В 1891/92 году некоторые местности России переживали страшные бедствия голода, о котором с участием говорили во всем мире. Говорили о нем, и в Америке, и оттуда протягивалась рука помощи81. Теперь бедствие во сто раз худшее охватило не те или иные местности, а всю страну, начиная со столиц. Вести, идущие из Москвы и Петрограда, леденят ужасом даже сердце, уже отвердевшее в атмосфере войны и междоусобия. Уже летом и осенью столицы переживали голод. Подошла зима, особенно холодная и особенно снежная. Бывает порой, что бездушная природа действует, точно по обдуманному плану, и это всегда поражает человека суеверным ужасом. Приезжие из Москвы рисуют потрясающие картины: улицы покрыты глубоким, обледенелым снегом, ухабы в два и более аршина сделали их совершенно непроезжими. Трамваи остановились, извозчиков почти нет, то и дело на улицах валяются трупы лошадей. Их некому убирать, и порой из-под снега торчит скрюченная конская нога или голова со стеклянными глазами и выражением предсмертного ужаса глядит на проходящего… Движение замирает, — точно умирает вся столица.

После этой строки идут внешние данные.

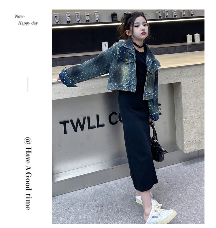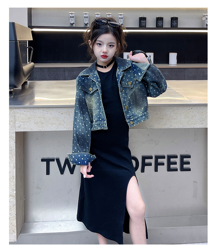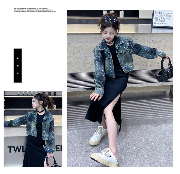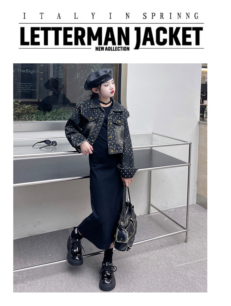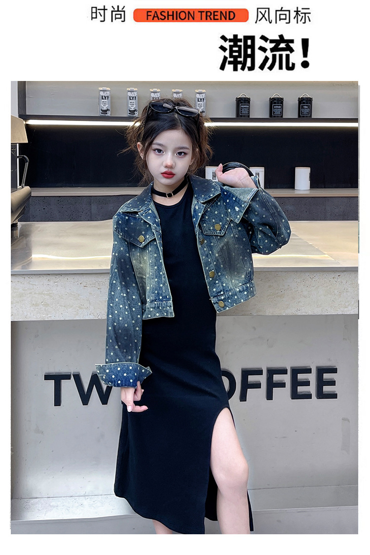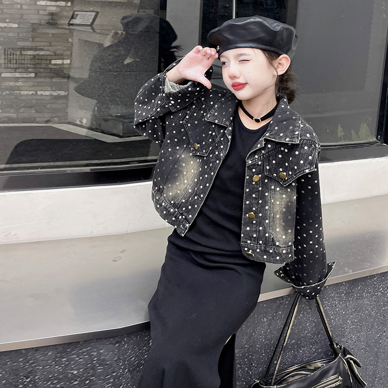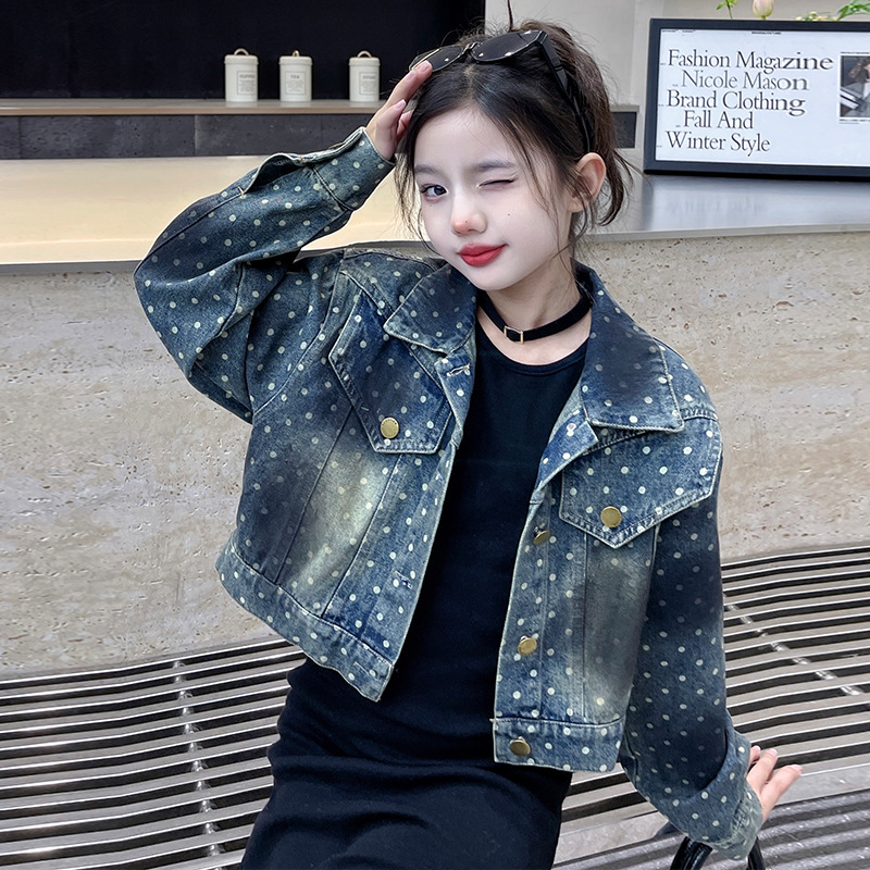 소녀 코트 봄과 가을 2024 새로운 가을 어린이 초가을 옷 여아 여성 의류 가을 데님 재킷스토어 가기

И она действительно умирает, т. е. умирают сами здания, площади и улицы. Для зданий нужна, как и для живого организма, известная степень тепла. А тепла нет. Человеческое безумие разрушило и продолжает разрушать транспорт, и доставлять уголь с него невозможно. Нет и дров. Дома с центральным отоплением охладели первые. Замерзли и поломались трубы, и бывают уже случаи, что дома, как это было на Остоженке, падают и разрушаются прямо от холода, как падают замерзающие животные. Трескаются стены, проваливаются потолки, и седой страшный владыка мороз овладевает жильем, выгоняя из него все живое.
Тяжко карает взбунтовавшаяся природа своего недавнего властелина, забывшего законы человеческого братства, которые давали ему господство над слепыми силами бездумной стихии. Можно сказать, что кара, если это кара, — заслужена. Кем? Теми, кто может нести ответственность. Но дети, дети не виновны. Они еще не вступили на арену этой страшной жизни, они еще не согрешили против ее законов.

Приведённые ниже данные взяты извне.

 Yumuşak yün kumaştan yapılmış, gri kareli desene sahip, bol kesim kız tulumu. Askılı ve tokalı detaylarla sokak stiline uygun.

И все же они отвечают и расплачиваются первыми. Нет теперь в России ни точных цифр, ни всесторонних отчетов о настоящем положении. Но те отрывочные сведения, которые освещают ту или иную сторону жизни, пропитаны леденящим ужасом. В Петербурге, еще недавно людном и живом, теперь зарегистрировано только… две тысячи детей до двухлетнего возраста. А остальные?.. Некоторые счастливцы успели вовремя уехать… Другие — на кладбищах, так же, как многие их старшие братья и сестры. Те, что остались, — холодны, голодны, больны и раздеты.

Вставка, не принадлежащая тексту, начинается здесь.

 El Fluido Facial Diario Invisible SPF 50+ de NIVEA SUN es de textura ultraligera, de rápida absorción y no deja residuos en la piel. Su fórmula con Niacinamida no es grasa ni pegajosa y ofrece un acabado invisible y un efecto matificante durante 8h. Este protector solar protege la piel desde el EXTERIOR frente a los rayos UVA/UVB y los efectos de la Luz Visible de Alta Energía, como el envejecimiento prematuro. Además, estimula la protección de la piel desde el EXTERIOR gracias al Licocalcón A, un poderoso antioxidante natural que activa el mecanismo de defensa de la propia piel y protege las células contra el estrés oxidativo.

Подумайте, американцы, сколько ужасов в этой маленькой цифре, — две тысячи! Сколько за нею страшной сердечной боли, сколько разбитых материнских сердец и главное — сколько беспомощно потухающих детских существований. О, если бы собрать и сконцентрировать эти угасающие взгляды, эти застывающие предсмертные детские слезы, эти замирающие детские стоны, — получился бы ядовитый состав такой страшной силы, которая способна надолго убить веру в жизнь, в ее целесообразность и разумность, в конечное торжество правды и добра…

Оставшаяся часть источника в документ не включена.